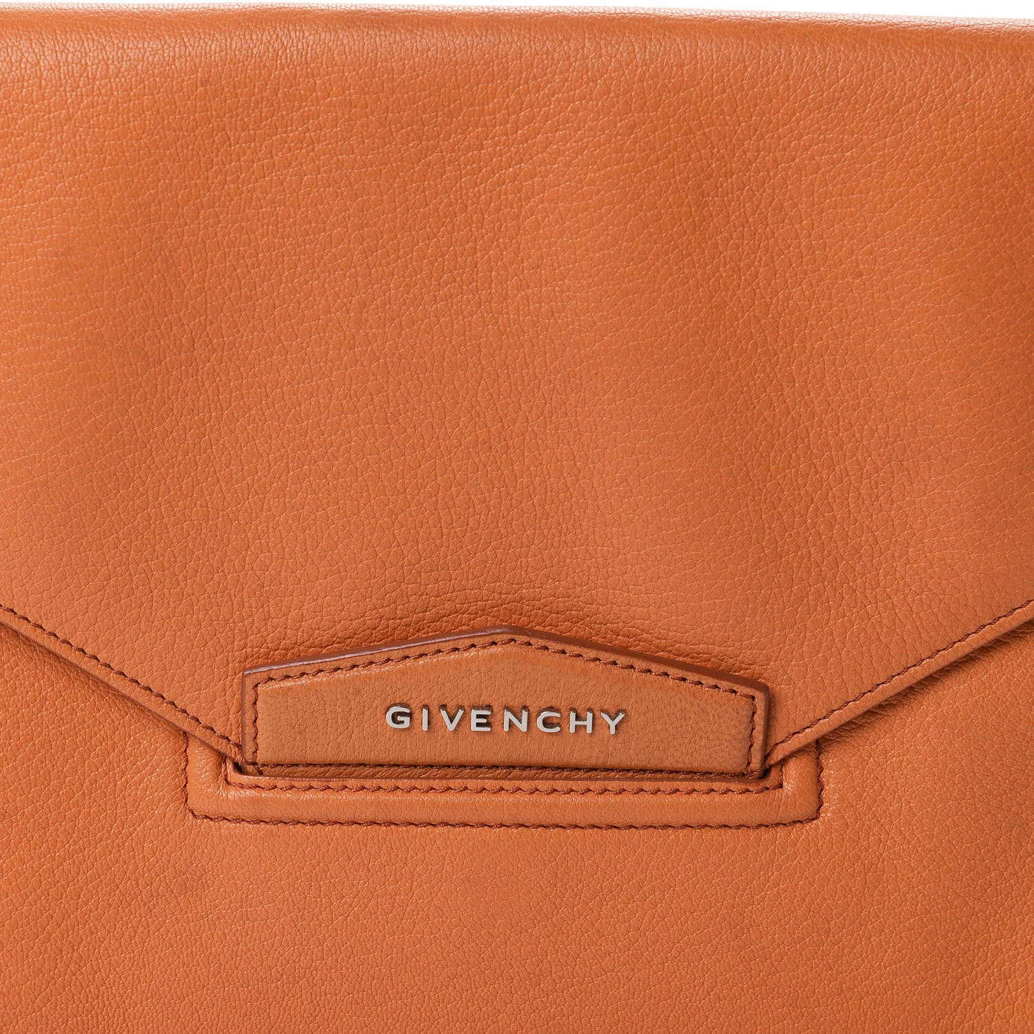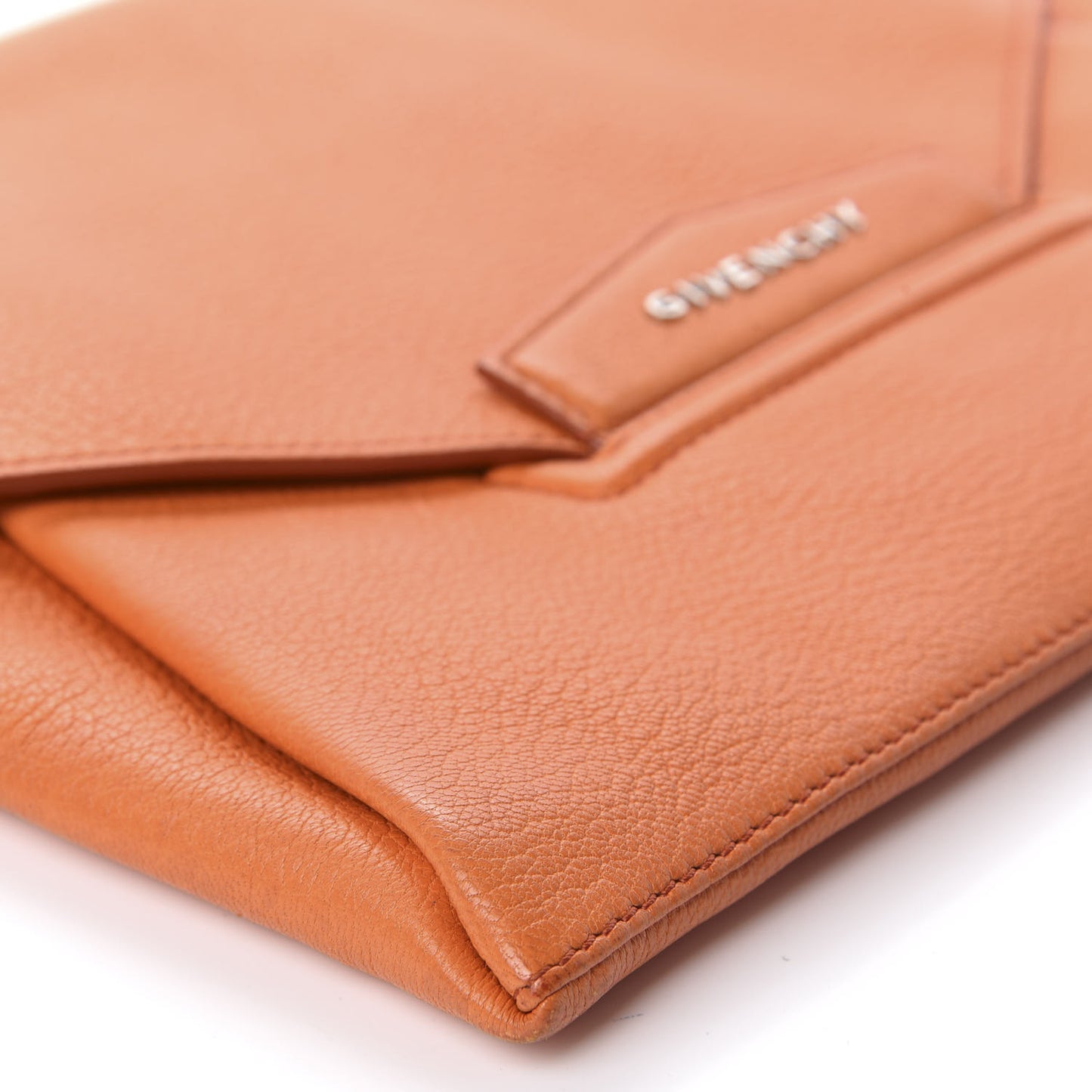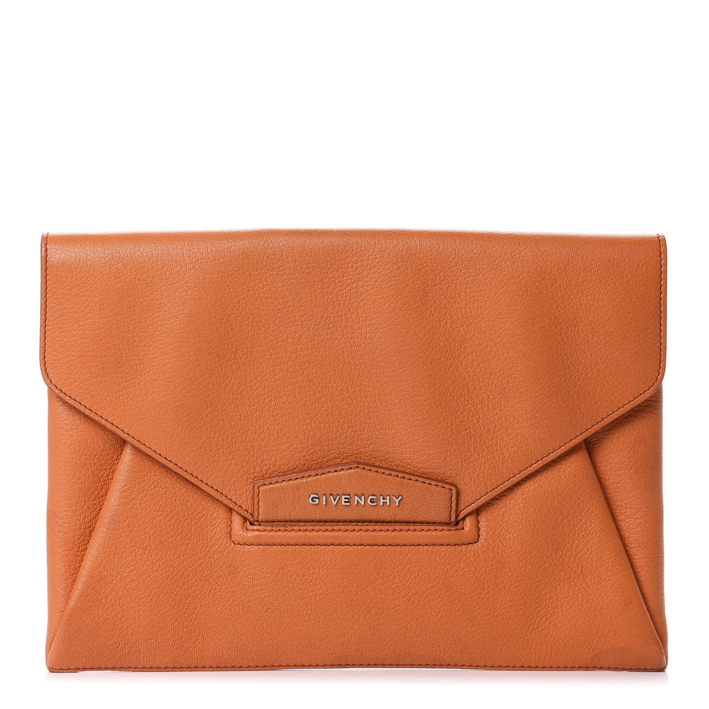 This is an authentic GIVENCHY Sugar Goatskin Medium Antigona Envelope Clutch in Orange. This luxurious clutch is a classic envelope crafted of beautifully grained goatskin leather in orange. The facing flap opens to a small patch pocket and a spacious beige interior with room for your essentials for day or evening with the classic chic from Givenchy!Follow this item for alerts. Givenchy is a registered trademark of Givenchy. FASHIONPHILE is not affiliated with Givenchy.
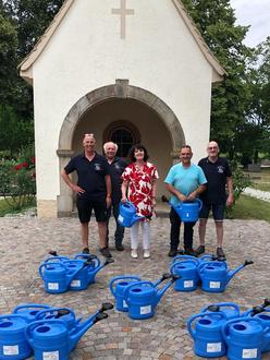 Anlässlich des 45-jährigen Jubiläums der Montagswürfler 1980 Leimersheim spendeten die Montagswürfler in einer Charity-Aktion 20 neue Gießkannen für den Friedhof der Gemeinde Leimersheim. Elke Huber, die Beigeordnete der Ortsgemeinde Leimersheim, und Benedikt Wünschel vom Bauhof Leimersheim nahmen dankend die neuen Gießkannen für den Friedhof entgegen (siehe Bild) und freuten sich über diese unverhoffte Zuwendung, da gerade an heißen Sommertagen verfügbare Gießkannen mit Brauseköpfen oft Mangelware an den Brunnen sind. Die Montagswürfler gedenken mit dieser Aktion vor allem auch an unsere bereits verstorbenen Würfelkameraden Norbert Marthaler (+2019), Horst Ochsenreither (+2012), Ulrich Ochsenreither (+1991) und an unseren verstorbenen Ankerwirt Hubert Schardt (+2015) sowie an unseren langjährigen Gastwürfler Hans-Peter „Jason“ Schwab (+2006). Sie alle bleiben in unseren Erinnerungen unvergessen.
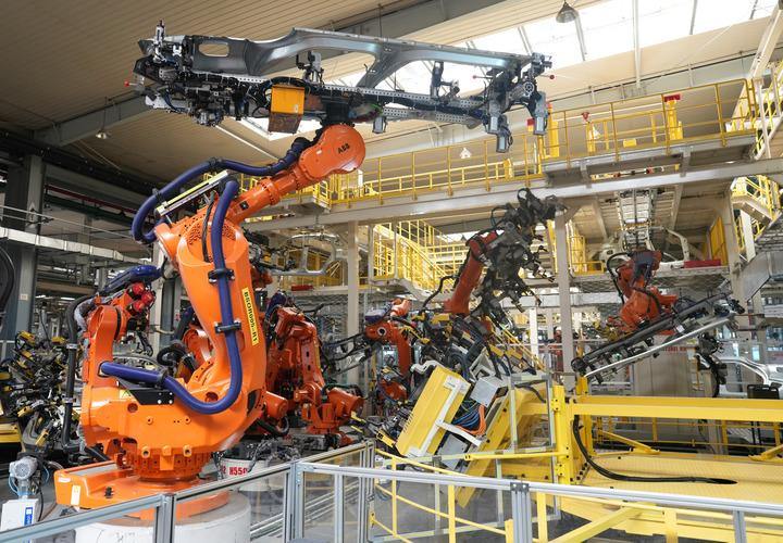 在位于浙江省临海市的吉利汽车制造基地,机械臂在焊装车间工作。新华社记者 翁忻旸 摄
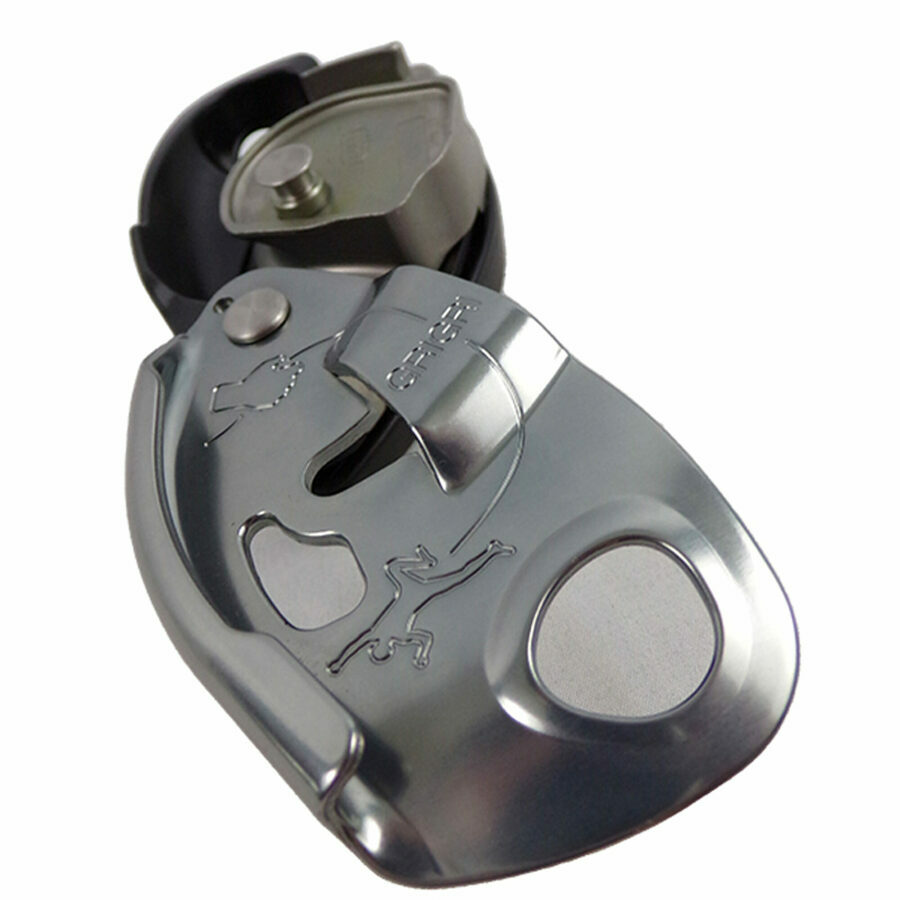 Assisted braking capability: during fall arrest, the belayer holds the free end of the rope, the cam pivots and pinches the rope, increasing the braking action until the rope stops sliding.
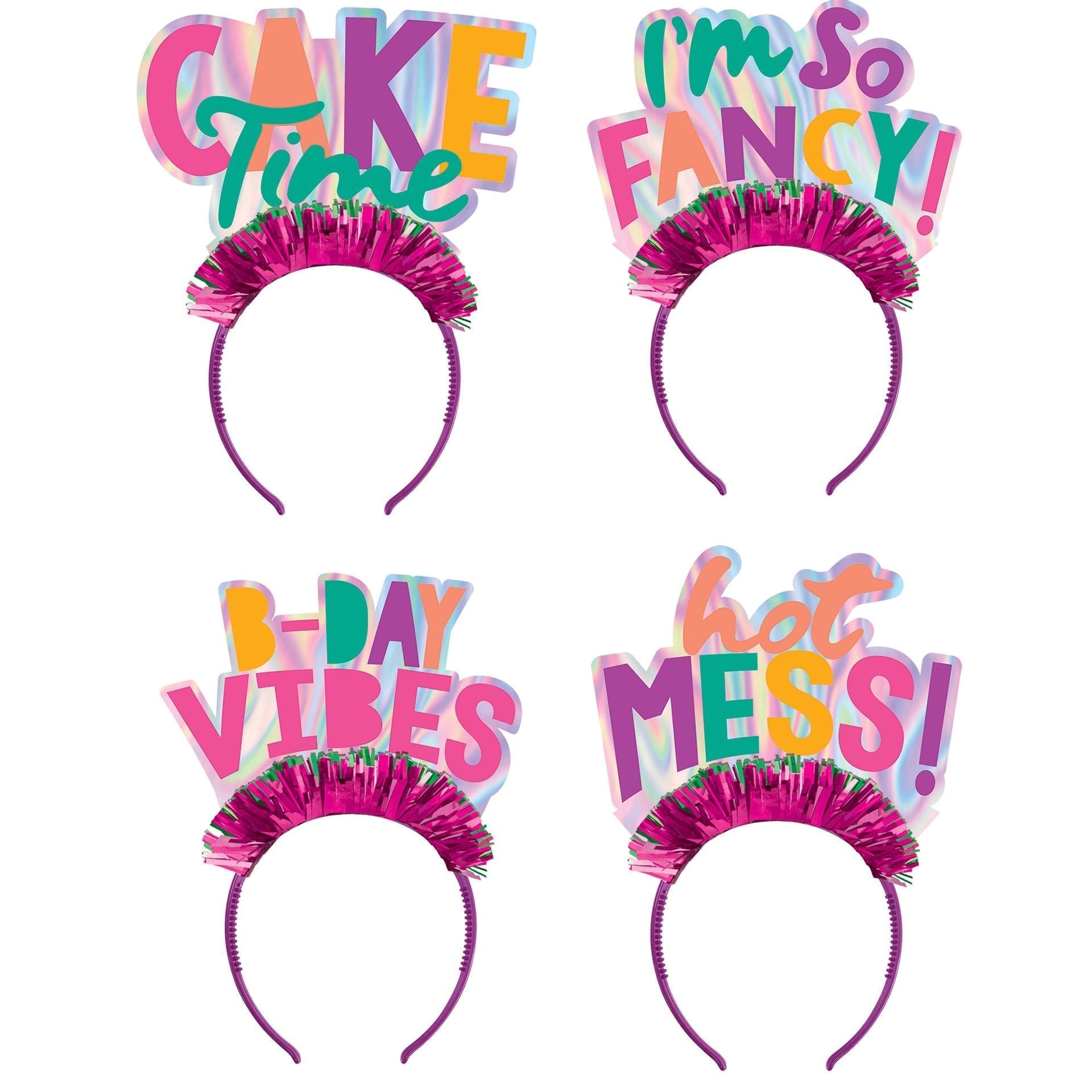 Make sure each guests gets a Young and Fab Headband! These trendy and colorful headbands read Cake Time, I’m So Fancy!, Hot Mess!, and B-Day Vibes. Package of 4 (1 of each design) Made of plastic and paper One size fits most.
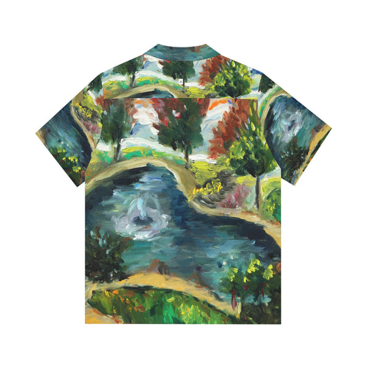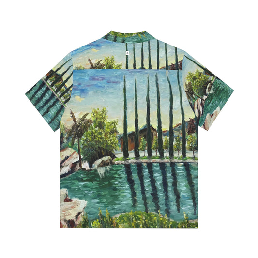 Temecula Duck Pond Original Oil Landscape Chemise hawaïenne pour hommes
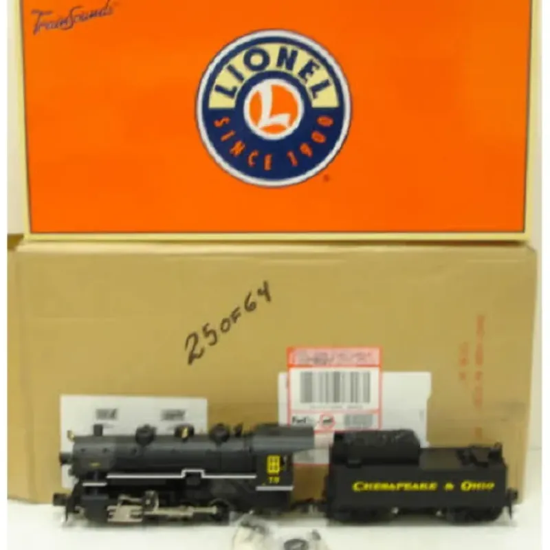 Here is a Lionel 6-11109 C&O 0-8-0 Steam Locomotive & Tender #79 w/TrainSounds. The USRA 0-8-0 performed switching duties and hauled short branchline trains on rails in every part of the country. With an 0-31 minimum curve, the Lionel 0-8-0 provides an affordable way to bring a scale-sized, super-detailed, steam locomotive to virtually any O gauge layout. Features Transformer controlled forward, neutral, and reverse operation, TrainSounds sound system, Powerful maintenance-free motor with momentum flywheel, Lighting including operating headlight and back-up light on rear of tender, Die-cast metal locomotive body, frame, trucks, and pilot, Front and rear operating couplers, Traction tires, Puffing fan-driven smoke unit, Opening roof hatches, Realistic, separately applied coal load, Separately applied metal details, Accurate separately applied builders plates, Illuminated cab interior, including painted valve handles, Glowing firebox in cab, Cab window glass, Engineer and fireman figures, Die-cast metal tender body and trucks. Minimum Curve: O-31. Dimensions: Length: 18 1/4 inches.
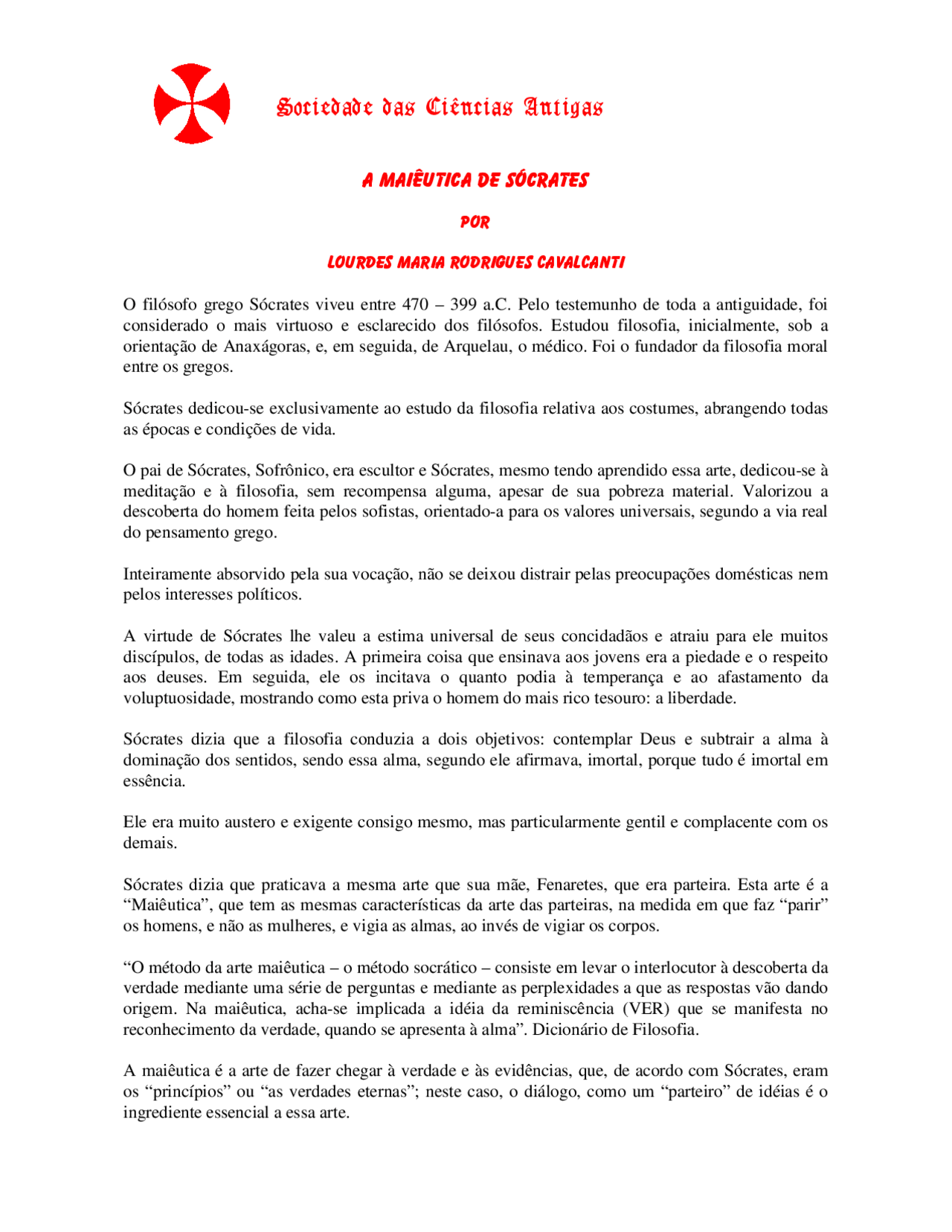Maieutica de Socrates - Sociedade das Ciências Antigas - Maieutica de

____

What to work on: In the copy, include each entry exactly as written and none of the pictures.

Reply to the task:
 This is an authentic GIVENCHY Sugar Goatskin Medium Antigona Envelope Clutch in Orange. This luxurious clutch is a classic envelope crafted of beautifully grained goatskin leather in orange. The facing flap opens to a small patch pocket and a spacious beige interior with room for your essentials for day or evening with the classic chic from Givenchy!Follow this item for alerts. Givenchy is a registered trademark of Givenchy. FASHIONPHILE is not affiliated with Givenchy.
 Anlässlich des 45-jährigen Jubiläums der Montagswürfler 1980 Leimersheim spendeten die Montagswürfler in einer Charity-Aktion 20 neue Gießkannen für den Friedhof der Gemeinde Leimersheim. Elke Huber, die Beigeordnete der Ortsgemeinde Leimersheim, und Benedikt Wünschel vom Bauhof Leimersheim nahmen dankend die neuen Gießkannen für den Friedhof entgegen (siehe Bild) und freuten sich über diese unverhoffte Zuwendung, da gerade an heißen Sommertagen verfügbare Gießkannen mit Brauseköpfen oft Mangelware an den Brunnen sind. Die Montagswürfler gedenken mit dieser Aktion vor allem auch an unsere bereits verstorbenen Würfelkameraden Norbert Marthaler (+2019), Horst Ochsenreither (+2012), Ulrich Ochsenreither (+1991) und an unseren verstorbenen Ankerwirt Hubert Schardt (+2015) sowie an unseren langjährigen Gastwürfler Hans-Peter „Jason“ Schwab (+2006). Sie alle bleiben in unseren Erinnerungen unvergessen.
 在位于浙江省临海市的吉利汽车制造基地,机械臂在焊装车间工作。新华社记者 翁忻旸 摄
 Assisted braking capability: during fall arrest, the belayer holds the free end of the rope, the cam pivots and pinches the rope, increasing the braking action until the rope stops sliding.
 Make sure each guests gets a Young and Fab Headband! These trendy and colorful headbands read Cake Time, I’m So Fancy!, Hot Mess!, and B-Day Vibes. Package of 4 (1 of each design) Made of plastic and paper One size fits most.
 Temecula Duck Pond Original Oil Landscape Chemise hawaïenne pour hommes
 Here is a Lionel 6-11109 C&O 0-8-0 Steam Locomotive & Tender #79 w/TrainSounds. The USRA 0-8-0 performed switching duties and hauled short branchline trains on rails in every part of the country. With an 0-31 minimum curve, the Lionel 0-8-0 provides an affordable way to bring a scale-sized, super-detailed, steam locomotive to virtually any O gauge layout. Features Transformer controlled forward, neutral, and reverse operation, TrainSounds sound system, Powerful maintenance-free motor with momentum flywheel, Lighting including operating headlight and back-up light on rear of tender, Die-cast metal locomotive body, frame, trucks, and pilot, Front and rear operating couplers, Traction tires, Puffing fan-driven smoke unit, Opening roof hatches, Realistic, separately applied coal load, Separately applied metal details, Accurate separately applied builders plates, Illuminated cab interior, including painted valve handles, Glowing firebox in cab, Cab window glass, Engineer and fireman figures, Die-cast metal tender body and trucks. Minimum Curve: O-31. Dimensions: Length: 18 1/4 inches.
Maieutica de Socrates - Sociedade das Ciências Antigas - Maieutica de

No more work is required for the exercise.